Records from a dataset

*** Block opens ***

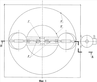 Устройство состоит из двух рабочих камер 1, расположенных по обе стороны от оси вращения водила 2, посаженых на вал 3 и располагающихся в подшипниковом узле 4. Рабочие камеры 1 жестко соединены с валом 3, который через синхронную муфту 5 соединен с фрикционным колесом 6. Соединенное с валом 3 фрикционное колесо 6 через типовую синхронную муфту 5 самоустанавливается (компенсируя угол наклона рабочих камер 1) по плоскости подшипникового узла 4, в котором для уменьшения сил трения, возникающих при вращении фрикционного колеса 6, имеется кольцевая проточка с находящимися в ней шариками 7. Камера меняет свой угол наклона за счет замены подшипникового узла 4 подшипниковым узлом 4′ другого исполнения с углом наклона вала 3, подбираемого экспериментально для каждой обрабатываемой группы деталей. Подшипниковый узел 4 совместно с рабочими камерами 1 может перемещаться по пазу водила 2 во время обработки деталей с помощью встроенных в водило пневмоцилиндров 8, шток которых перемещает их вдоль паза водила 2, обеспечивая тем самым, различные режимы обработки деталей. Для передачи вращения водилу 2 используется вал 9, жестко соединенный с водилом 2. Для подачи воздуха в пневмоцилиндры используется пневматическая муфта 10, соединенная с валом 9, вращающим водило 2. В валу 9 с этой же целью имеются два отверстия – одно для создания давления, а другое для сброса отработанного воздуха. С целью передачи вращения рабочим камерам 1 через фрикционные колеса 6 используются наружный копир 11 и внутренний копир 12.
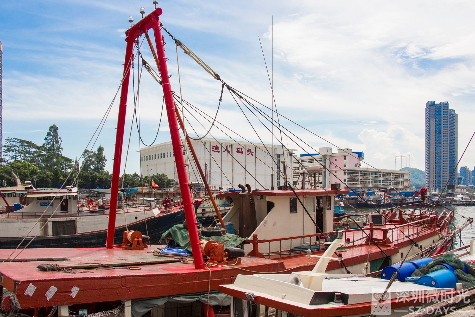 8月16日正午十二点,历时108天的休渔期终于结束了。大鹏新区的月亮湾码头,在阵阵鞭炮声中热闹开渔,然而在蛇口渔人码头,却是一番让我们意外的宁静,只剩艳阳当空,晒得人睁不开眼。
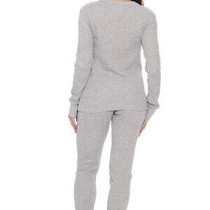 Features: This cozy 2-piece thermal set is made with a soft poly-cotton blend that feels gentle against the skin and keeps you warm without bulk. The fitted top and tapered long johns are perfect for layering under pajamas or everyday clothes during chilly days. Elastic waistband adds extra comfort, and the feminine cut makes it a pretty yet practical choice for winter.
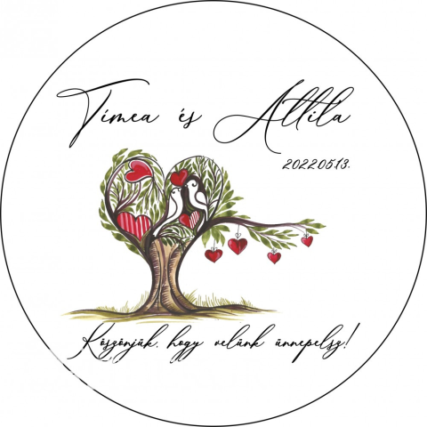 Könnyen és egyszerűen megteremthetitek az esküvő stílusát különböző matricákkal. Felragaszthatjátok a köszönetajándékra, a meghívó borítékra vagy bármely más tárgyra. Mérete: 7 cm Kérésetekre a matricát térítésmentesen feliratozzuk nevetekkel és a Nagy
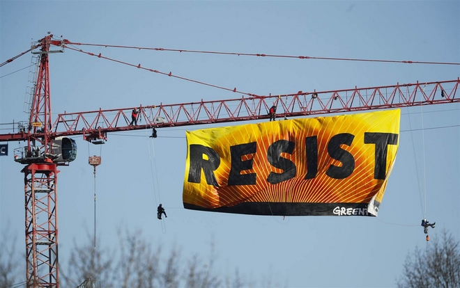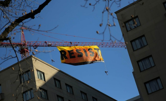 Ακτιβιστές της Greenpeace διαμαρτυρόμενοι για τις αποφάσεις του Τραμπ για το περιβάλλον, σήκωσαν ένα τεράστιο πανό κοντά στον Λευκό Οίκο (Pics)
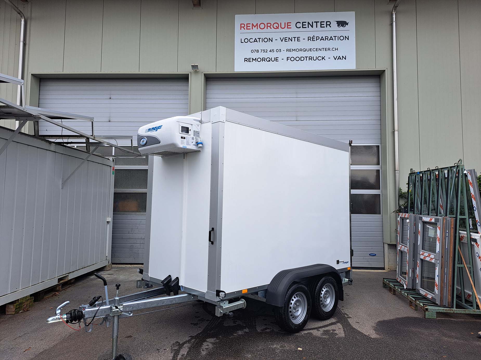 remorques moto, remorques frigorifiques ainsi que des food trailers, afin de répondre à chaque besoin de transport ponctuel ou régulier entre Lausanne et Genève.
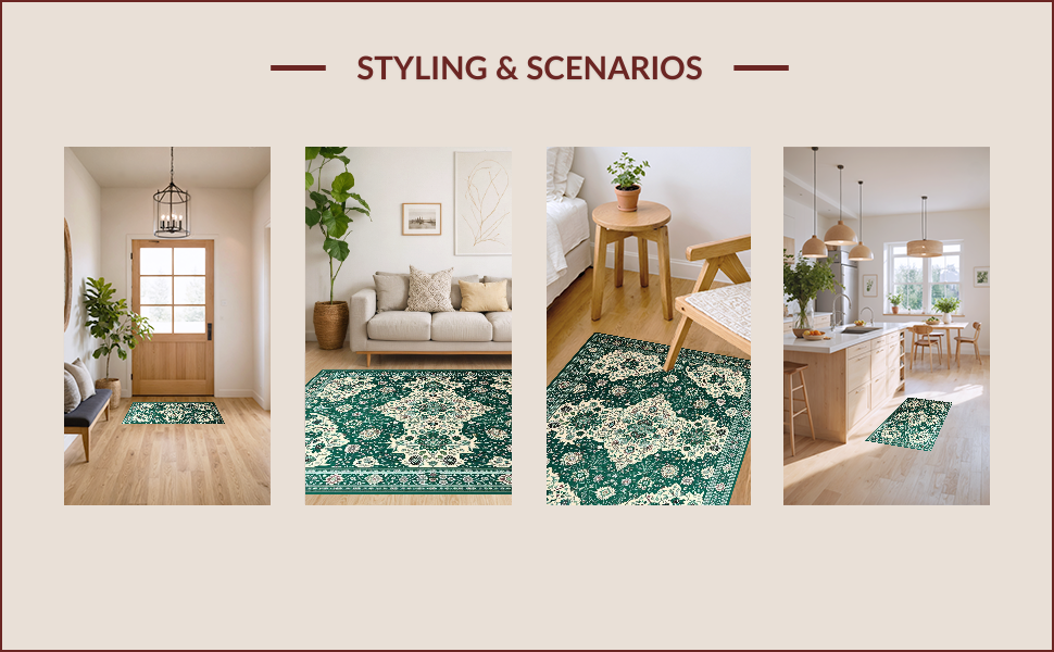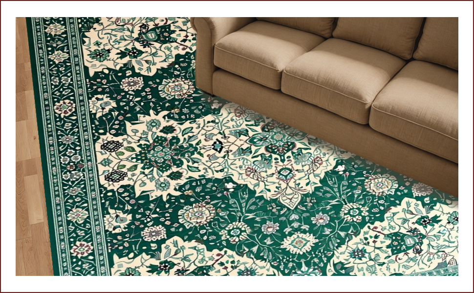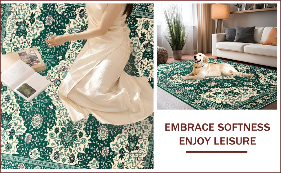 Ultra Soft Area Rug, Non Slip, Stain Resistant, Washable Area Rugs for Living Room, Bedroom, Chic Earthy Geometric Motif(Green) Overview:
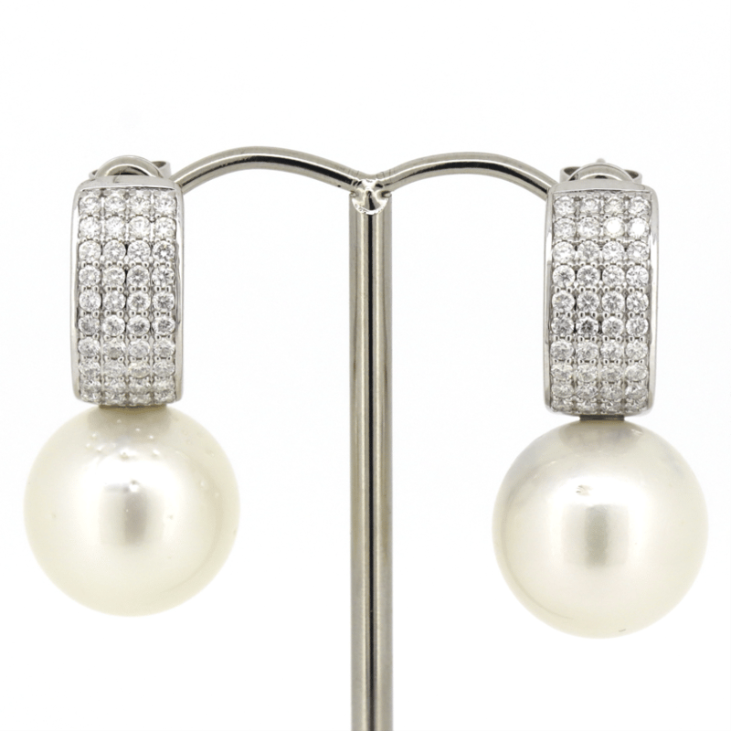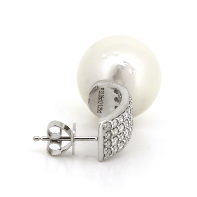 The Design Features, 2 Near Round, White With Silver Overtones, Cultured South Sea Pearls 16.00Mm, Lustre Aa), 1/2 Drilled And Capped. Encompassing The Design Are, 80 Round Brilliant Cut, Diamonds (1.25Ct Tdw, G-H Colour, Si1-Si2 Clarity), Pave Set. Earrings Have Post Backs And Come With 14K White Gold Backs.
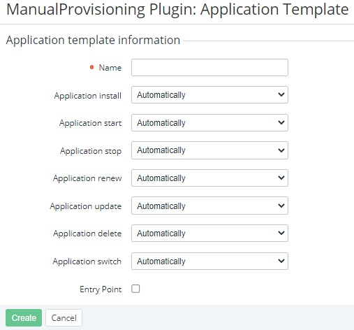 - Manually — to complete a service provisioning action, a created manual operation must be approved by a manager (see Manual operations).
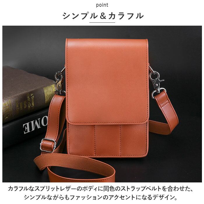 ・カラフルなスプリットレザーのボディに同色のストラップベルトを合わせた、シンプルながらもファッションのアクセントになるデザイン。
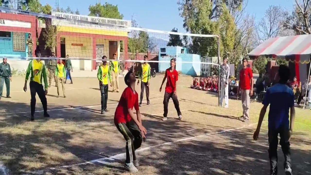 A volleyball match was held at a school in Akhnoor, J&K, under the Khelo India initiative, with support from the Indian Army's Operation Sadhbhavana. The event aimed to promote sports, teamwork, and physical well-being among students.
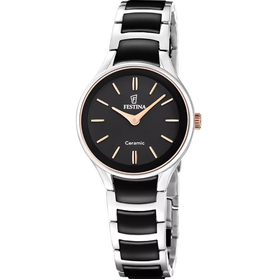 Часовник Festina F20752/7 – Дамски керамичен модел с розово злато и черен циферблат от колекция Ceramic
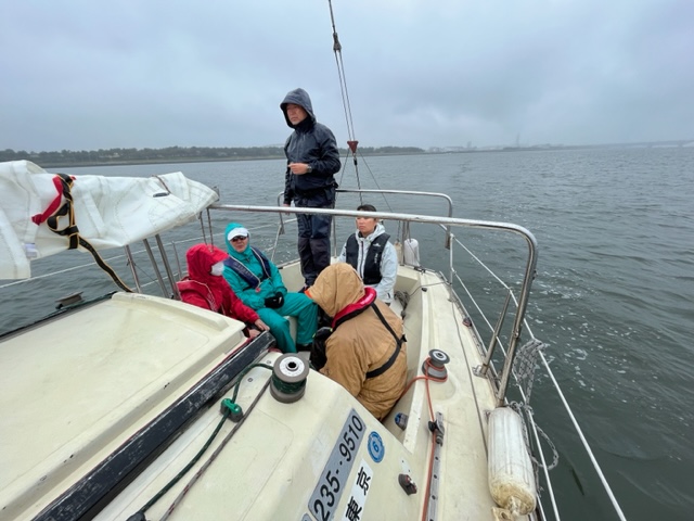 でも今、写真を確認したら、セールを上げる前までは、コックピットにいらっしゃることが判明。セールをあげた後の写真には、内村先生は写っていませんでした(笑)
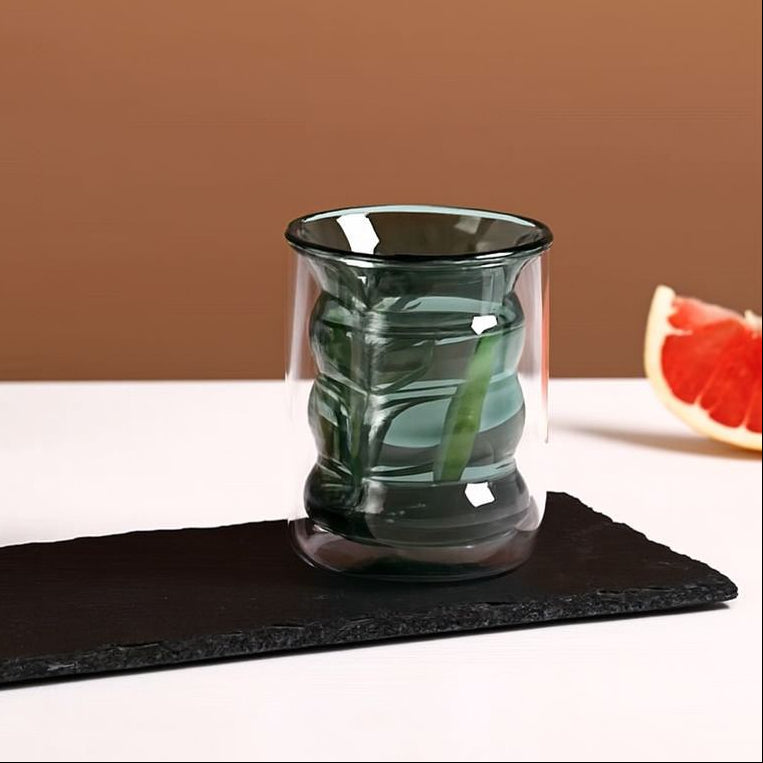 Double Wall Waved Glass Cup - 200ml Dark Green
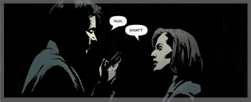 We begin this story with the agents searching for a leopard in a dark warehouse. Amid the amusing banter, Mulder receives a text, and following his gut, he leads Scully through the warehouse. Naturally, the agents end up trapped, locked in a dead-end and about to become kitty chow, but just in the nick of time a zookeeper comes to their rescue, tranquilizing the cat and saving our dynamic duo.

*** Block closes ***

__What the exercise asks__.
Reproduce the data above exactly, but only the lines from the one showing "The Design Features, 2" through the one showing "Double Wall Waved", with both ends kept and the pictures left out.

__Exercise response__.
 The Design Features, 2 Near Round, White With Silver Overtones, Cultured South Sea Pearls 16.00Mm, Lustre Aa), 1/2 Drilled And Capped. Encompassing The Design Are, 80 Round Brilliant Cut, Diamonds (1.25Ct Tdw, G-H Colour, Si1-Si2 Clarity), Pave Set. Earrings Have Post Backs And Come With 14K White Gold Backs.
 - Manually — to complete a service provisioning action, a created manual operation must be approved by a manager (see Manual operations).
 ・カラフルなスプリットレザーのボディに同色のストラップベルトを合わせた、シンプルながらもファッションのアクセントになるデザイン。
 A volleyball match was held at a school in Akhnoor, J&K, under the Khelo India initiative, with support from the Indian Army's Operation Sadhbhavana. The event aimed to promote sports, teamwork, and physical well-being among students.
 Часовник Festina F20752/7 – Дамски керамичен модел с розово злато и черен циферблат от колекция Ceramic
 でも今、写真を確認したら、セールを上げる前までは、コックピットにいらっしゃることが判明。セールをあげた後の写真には、内村先生は写っていませんでした(笑)
 Double Wall Waved Glass Cup - 200ml Dark Green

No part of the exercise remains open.